The use of chromaticism and unexpected modulations in the B and C sections adds complexity and emotional depth, showcasing Chopin's mastery of the piano and his creative harmonic language. These features not only demonstrate Chopin's technical prowess but also his ability to evoke a range of emotions within a compact form.

The Enduring Popularity of the Piece

The Mazurka in D Major, Op. 33, No. 2 remains one of Chopin's most beloved solo piano works, celebrated for its technical brilliance and emotional depth. Its popularity can be attributed to the combination of accessible melodies, innovative rhythmic patterns, and the rich harmonic language that speaks both to the intellect and the emotions.

Moreover, the piece's embodiment of Polish national character, mixed with a universally appealing musical language, has ensured its lasting position in the concert repertoire. Pianists and music enthusiasts are drawn to its technical challenges and expressive potential, making it a staple of piano performance and pedagogy.

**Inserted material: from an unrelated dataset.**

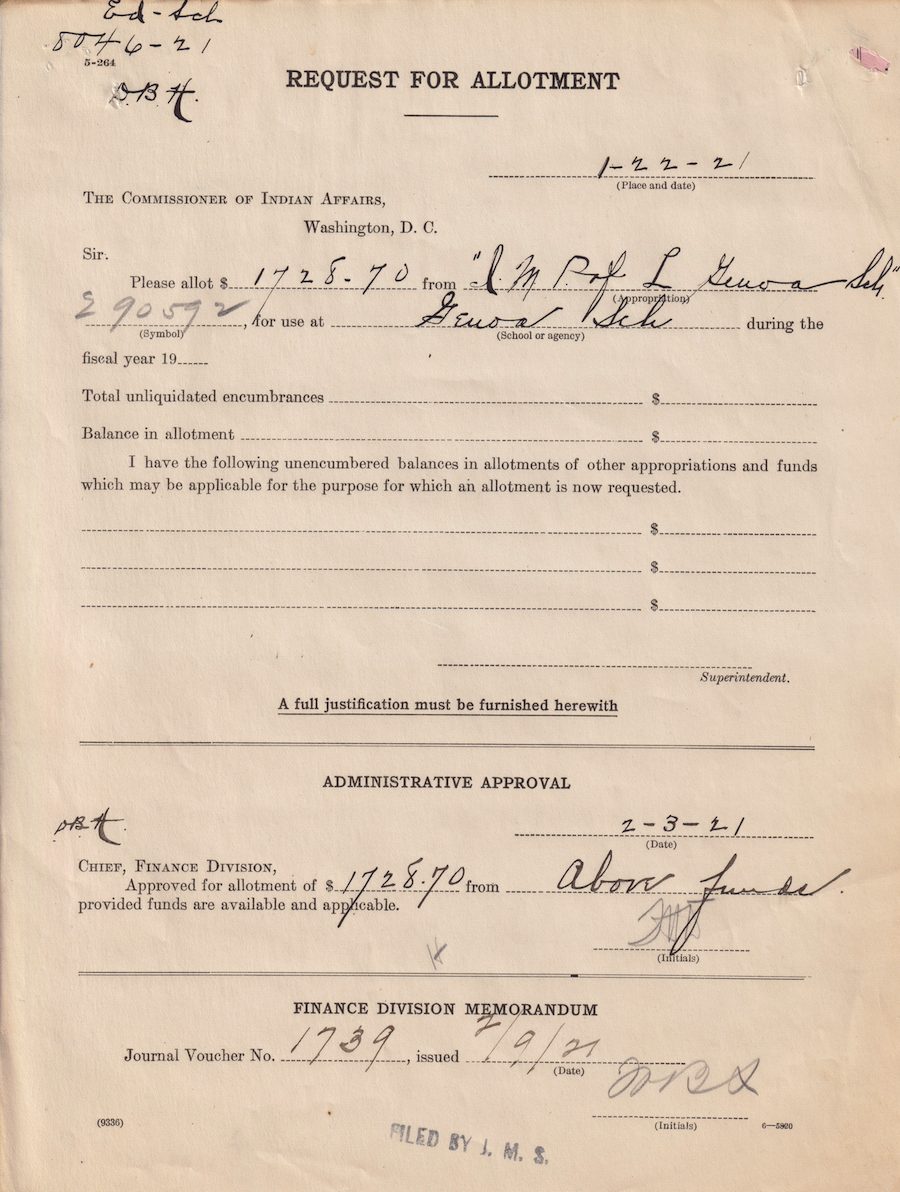 Request for Allotment, 22 Jan. 1921; Folder: 102442-1917-733, Box 19; Central Classified Files, 1907–1939 (NAID 300324); Office of Indian Affairs; Record Group 75; National Archives and Records Administration-Washington, DC.

The legacy of Chopin's Mazurka in D Major, Op. 33, No. 2 is a testament to his genius in transforming folk elements into high art. This piece not only provides insight into Chopin's innovative compositional techniques but also reflects the broader cultural and historical contexts of 19th-century Europe. Through its enduring popularity, the mazurka continues to captivate audiences and performers alike, securing its place in the pantheon of great piano literature.